Activity:
Copy out all of the data word for word. Omit every picture.

==== Data segment

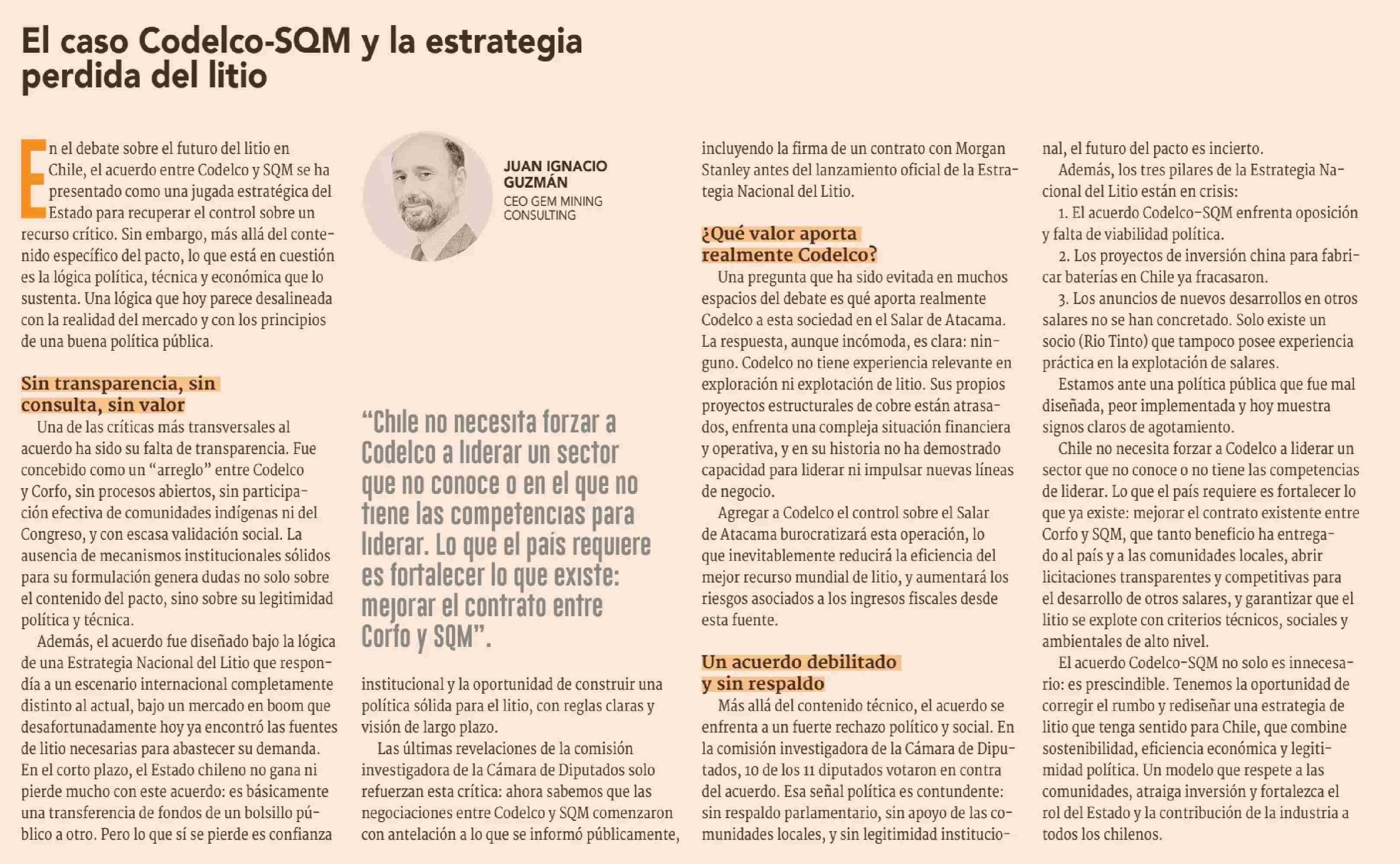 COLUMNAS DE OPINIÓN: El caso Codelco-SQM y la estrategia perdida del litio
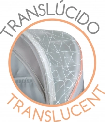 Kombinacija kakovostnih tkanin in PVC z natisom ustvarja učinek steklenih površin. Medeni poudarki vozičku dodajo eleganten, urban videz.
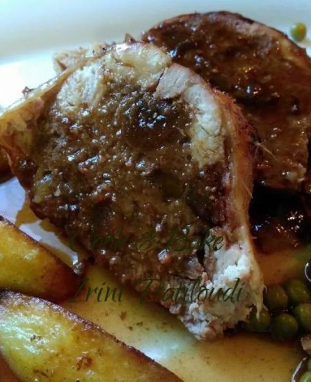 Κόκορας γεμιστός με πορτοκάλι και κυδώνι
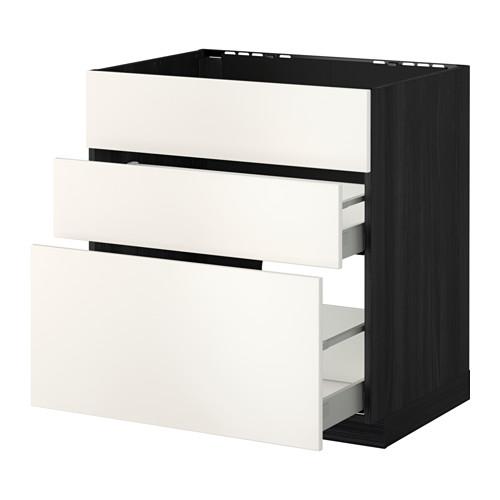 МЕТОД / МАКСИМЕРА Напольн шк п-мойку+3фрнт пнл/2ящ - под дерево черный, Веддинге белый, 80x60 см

========

Written solution:
 COLUMNAS DE OPINIÓN: El caso Codelco-SQM y la estrategia perdida del litio
 Kombinacija kakovostnih tkanin in PVC z natisom ustvarja učinek steklenih površin. Medeni poudarki vozičku dodajo eleganten, urban videz.
 Κόκορας γεμιστός με πορτοκάλι και κυδώνι
 МЕТОД / МАКСИМЕРА Напольн шк п-мойку+3фрнт пнл/2ящ - под дерево черный, Веддинге белый, 80x60 см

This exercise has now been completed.